Андрей Воронин - След тигра
«Вот они и попытались, — решил Глеб. — Да только, видно, не на тех напали. Так что теперь, пожалуй, искать их бесполезно — даже косточек, наверное, не осталось…»
Он задумчиво поскреб пятерней затылок. Командировка обещала получиться очень, очень занятной. Но, чтобы оттуда вернуться и поделиться своими впечатлениями с Федором Филипповичем, придется изрядно попотеть…
«А ведь таких командировок у меня не было, пожалуй, с самого Афгана, — вдруг подумал Глеб, испытав при этом очень неприятное чувство. — Чтобы идти в колонне и все время гадать, откуда, из-за какого камня тебе выстрелят в спину… Да, от такого положения я уже успел отвыкнуть. Столько лет был охотником, что теперь в шкуре дичи как-то неуютно… Ну, спасибо, товарищ генерал! Ничего не скажешь, удружил так удружил».
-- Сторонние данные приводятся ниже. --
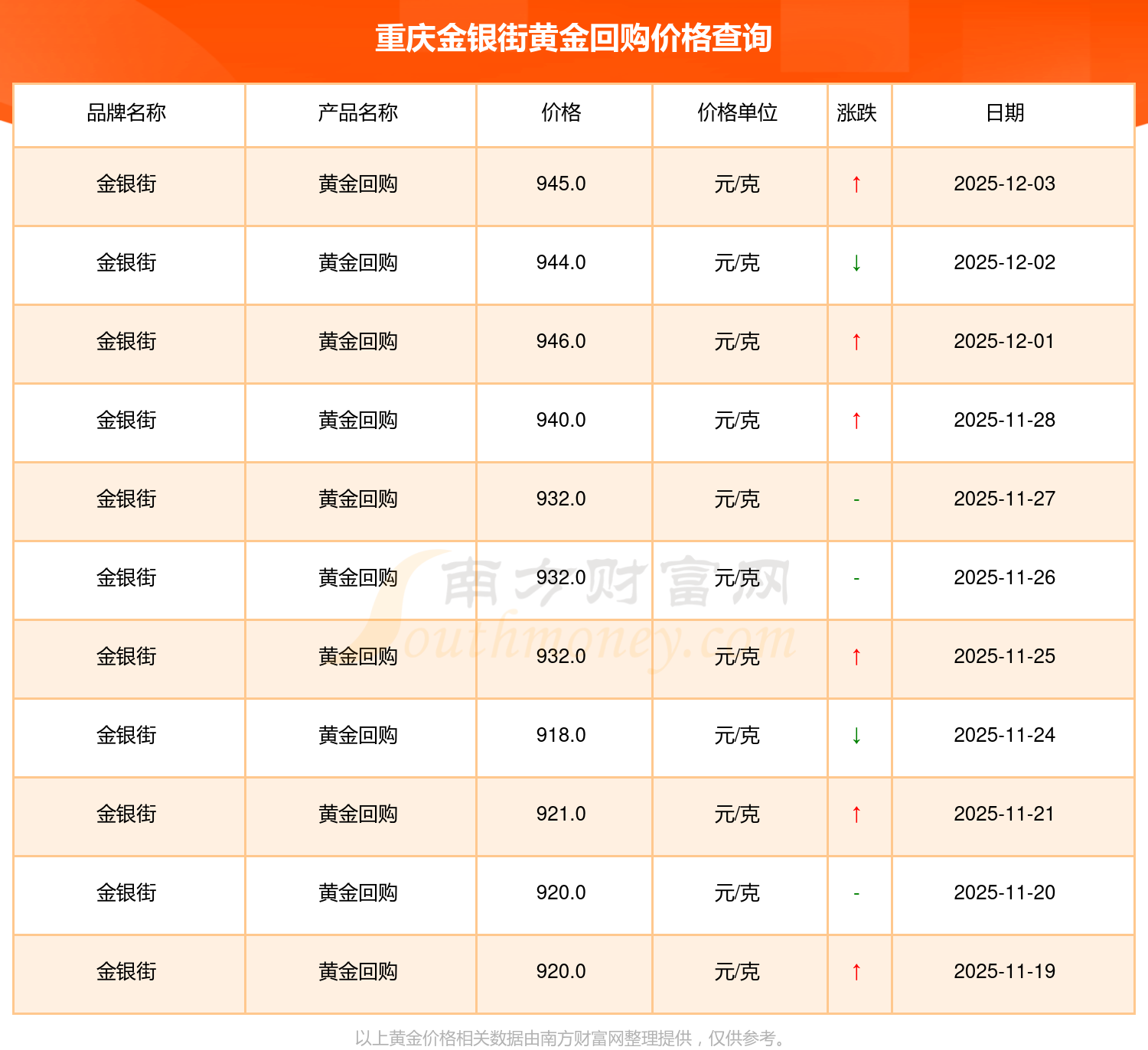 (2025年12月3日)今日重慶金銀街黃金回購價(jià)格是945.0元/克。

Он посмотрел на часы, потушил в пепельнице окурок и пошел в прихожую за курткой — пора было отправляться на аэродром, чтобы познакомиться наконец со своим непосредственным начальником.
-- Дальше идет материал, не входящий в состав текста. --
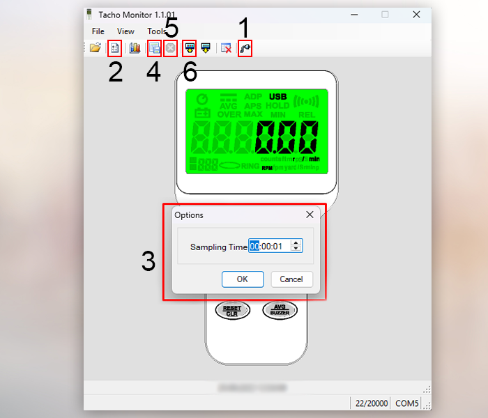 1- Cihaz USB ile bilgisayara bağlanır ve program açılır. Otomatik olarak bağlantı olmadıysa 1 numaradan cihaz ile bağlantı yapılır.

Глеб поехал в такси, резонно рассудив, что «разнорабочему» не пристало подъезжать к месту работы на вызывающе новом «БМВ». Именно такую должность он занимал в экспедиции — разнорабочий. В этой командировке у Глеба была двойная легенда. Для членов экспедиции он был рабочим, когда-то отслужившим срочную в войсках специального назначения и потому умеющим обращаться с оружием. О том, кто он такой на самом деле, знал только Корнеев — точнее, думал, что знает, потому что Федор Филиппович представил Глеба прапорщиком спецназа, прошедшим все горячие точки, начиная с Афганистана и кончая Чечней. Зачем понадобилась эта двойная конспирация, Глеб не понимал, но, как и генерал Потапчук, склонялся к мысли, что береженого Бог бережет. И потом, существование двойной легенды в данном случае просто неизбежно. Не мог же Потапчук, в самом деле, сказать Корнееву, кто он такой! Легенда стала неотъемлемой частью жизни Глеба Сиверова с того самого дня, как он увидел могильный камень, на котором было высечено его имя. Так что если у него и были какие-то основания для недовольства, так разве что звание, которое присвоил ему генерал: ходить в прапорщиках Глебу до сегодняшнего дня как-то не приходилось.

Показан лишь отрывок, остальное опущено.